Why Don’t the Poor Rise Up?

An article in the New York Times in 2015 provoked Michael Truscello and Ajamu Nangwaya to bring together the volume: "Why Don't the Poor Rise Up? Organizing the Twenty-First Century Resistance" (2017). This book is divided into two sections, one on the Global North and another on the Global South, and is an "anthology of radical perspectives on contemporary struggles" (p. 2). The book is a counter narrative to the idea suggested in the New York Times that the poor are not rising up. "The title is both challenging and provocative, in the sense that it is at once a question and an assumption. But is it true that the poor do not rise up? Or do we simply not recognize their resistance and rebellion?" (p. 1). In documenting stories of resistance, the authors seek to address an apparent gap: "We do not have enough knowledge and information on the diverse struggles waged around the world, the wealth of experiences gained, and the lessons learnt from them and numerous victories achieved. Consequently, we do not celebrate them nor gain inspiration from them to wage new struggles. The first-hand experiences and contributions shared in this collection serve as a radical attempt to reverse this trend" (p. 3).

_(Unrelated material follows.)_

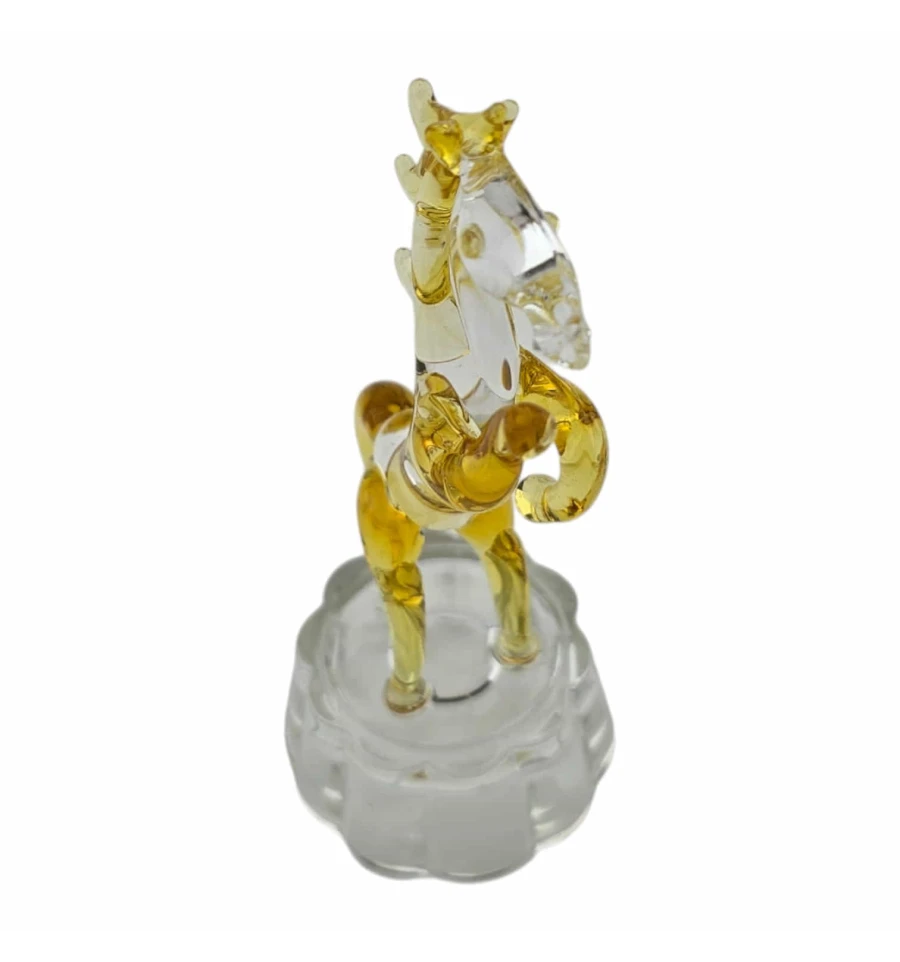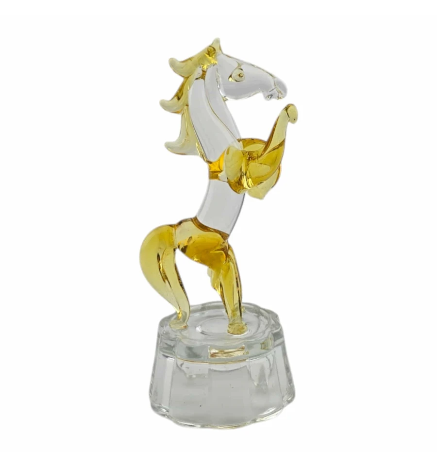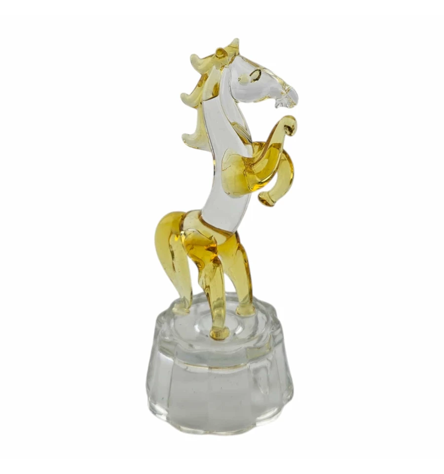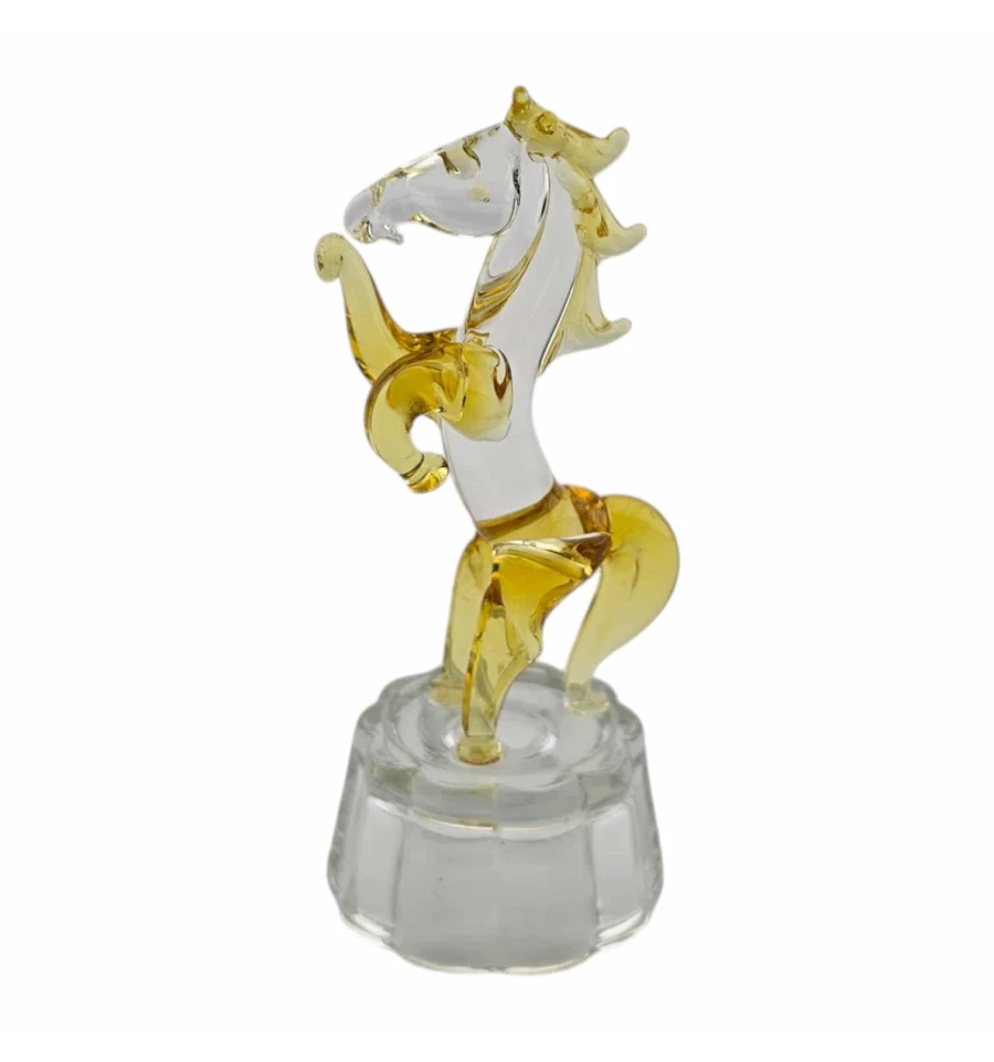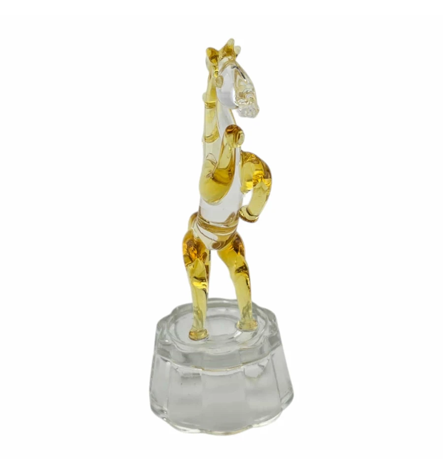 кришталева статуетка, фігурка кінь, скляна фігурка, кінь на дибах, прозоро-золотистий, сувенір кінь, декор інтер'єру, подарунок, колекція мініатюр, кришталь, Китай

There are eighteen examples, well beyond summary in a brief post. In general, I had hoped the book would have delved deeper. Many of the chapters are brief descriptive summaries of challenges faced and responses. Readers familiar with this literature might be left wanting. However, for those who do wonder 'why the poor do not rise up', this is a collection worth reading. Two thought provoking quotes:

From Praba Pilar and Alex Wilson: "An early example of these confining constructs was the "Inter Caetera," a papal bull issued by Pope Alexander VI in 1493 that laid out the justification for the Doctrine of Discovery. It established that Christian nations had a divine right (based on the bible) to grant themselves legal ownerships of any "unoccupied" lands (where unoccupied was defined as the absence of Christian people) and dominion over any people on those lands. A current example of these confining constructs is the salvation narrative unconsciously reproduced by many in the white Left when approach Indigenous and other non-European communities as allies but present solutions that have been developed in isolation, are paternalistic, and/or are inappropriate to the context. Salvation narratives are often seen as benign, but they are not. hey reflect and perpetuate the early justification for colonization, i.e., that "God had directed [Europeans] to bring civilized ways and education and religion to Indigenous Peoples and to exercise paternalism and guardianship powers over them'" (p. 35)

From Gussai Sheikheldin: "States and markets normalize the exploitation and oppression of many in society through the pretext of order and justice… becoming aware of a phenomenon does not automatically imply that one will care to transform it, so understanding structural sources of oppression in society does not necessarily mean that one will seek to combat them. That is objectively true, but we should also be mindful that any genuine care is unlikely to happen without understanding. Then there's the difference between understanding on the one hand, and 'consciousness' (understanding and caring) on the other." (p. 233-235).